(Source material Opens)

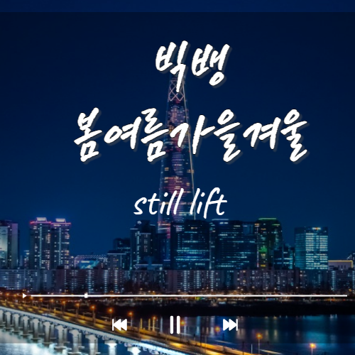 안녕하세요! 오늘은 여러분께 제가 요즘 가장 많이 듣고 있는 노래를 소개해 드리려고 해요. 바로 빅뱅의 '봄여름가을겨울 (Still Life)'이라는 곡인데요. 40대의 나이에 이 노래를 들으며 묘한 감동을 느꼈답니다. 며칠전에도 2024년 mama에서 컴백한 빅뱅의 모습을 보았는데요. 역시 레전드는 레전드더라구요. 혹시 여러분도 빅뱅의 음악을 좋아하시나요? 아니면 잔잔한 감성을 자극하는 음악을 찾고 계시나요? 그렇다면 제가 오늘 소개해 드리는 이 노래에 귀 기울여 보세요.
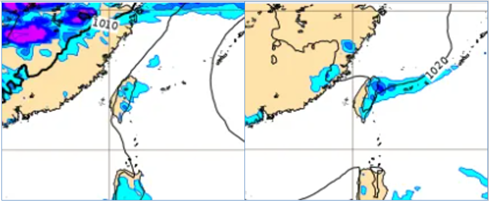 圖:最新(22日20時)歐洲(ECMWF)模式,23日20時地面氣壓及降水模擬圖(左圖)顯示,高壓迴流、東半部偶有局部短暫雨。26日20時模擬圖(右圖)則顯示,微弱鋒面下午抵達,北部、東半部轉有局部短暫雨。 |
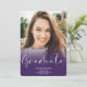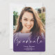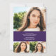 A modern, simple purple script graduate with 4 photos graduation announcement. Add your message at the back.
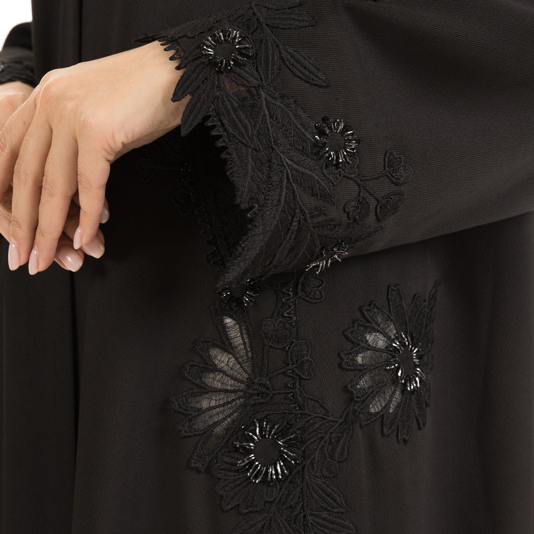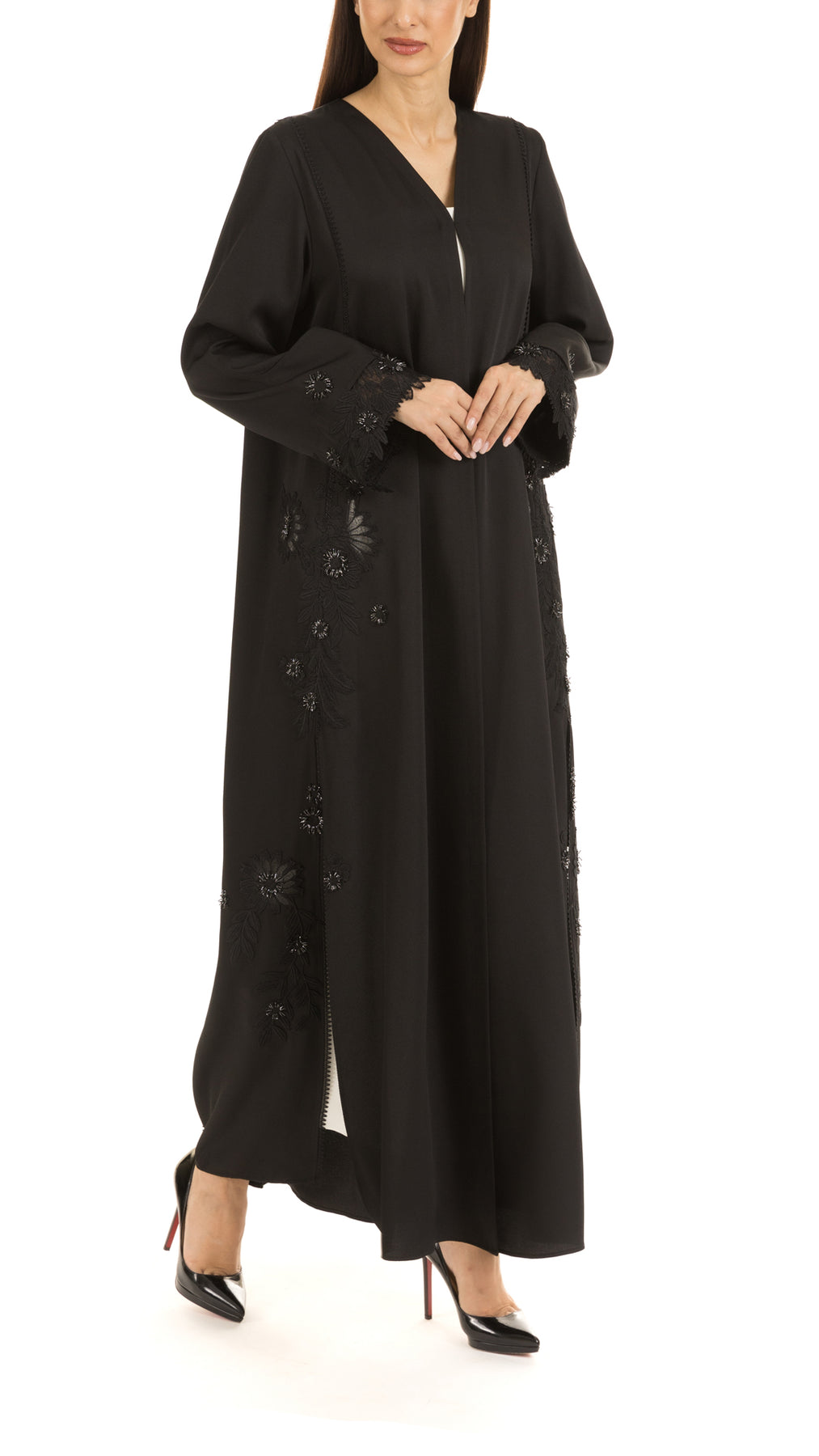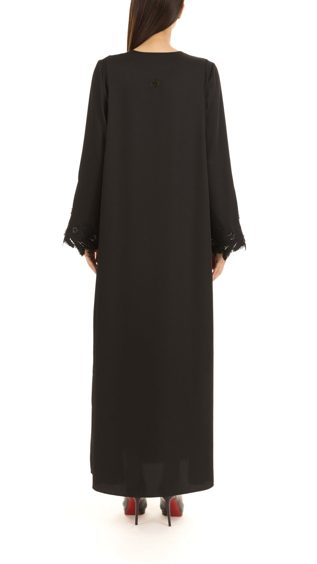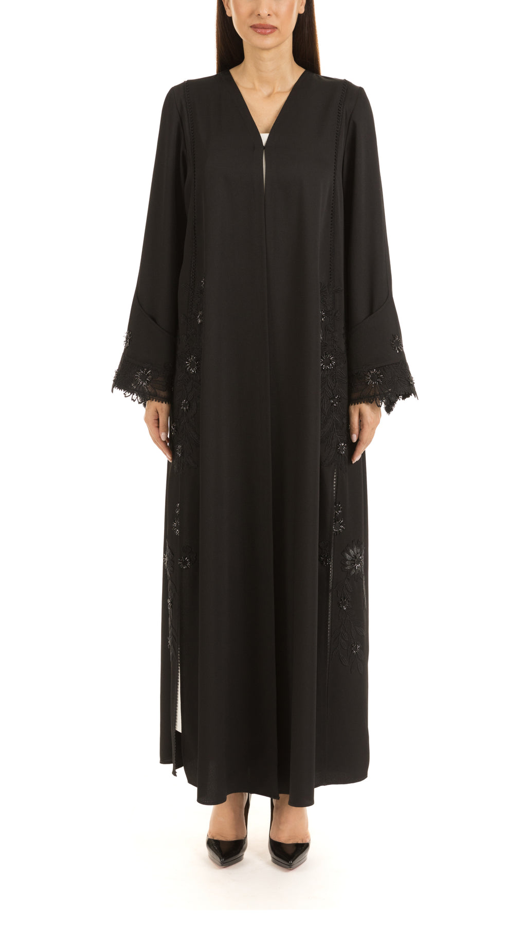 • Mauzan classic cut abaya designed with floral lace along with refined touch of brooch

(Source material Closes)

* **Exercise directions**: Make an exact copy of the listing above. Its pictures are not needed.

* **Expected output**:
 안녕하세요! 오늘은 여러분께 제가 요즘 가장 많이 듣고 있는 노래를 소개해 드리려고 해요. 바로 빅뱅의 '봄여름가을겨울 (Still Life)'이라는 곡인데요. 40대의 나이에 이 노래를 들으며 묘한 감동을 느꼈답니다. 며칠전에도 2024년 mama에서 컴백한 빅뱅의 모습을 보았는데요. 역시 레전드는 레전드더라구요. 혹시 여러분도 빅뱅의 음악을 좋아하시나요? 아니면 잔잔한 감성을 자극하는 음악을 찾고 계시나요? 그렇다면 제가 오늘 소개해 드리는 이 노래에 귀 기울여 보세요.
 圖:最新(22日20時)歐洲(ECMWF)模式,23日20時地面氣壓及降水模擬圖(左圖)顯示,高壓迴流、東半部偶有局部短暫雨。26日20時模擬圖(右圖)則顯示,微弱鋒面下午抵達,北部、東半部轉有局部短暫雨。 |
 A modern, simple purple script graduate with 4 photos graduation announcement. Add your message at the back.
 • Mauzan classic cut abaya designed with floral lace along with refined touch of brooch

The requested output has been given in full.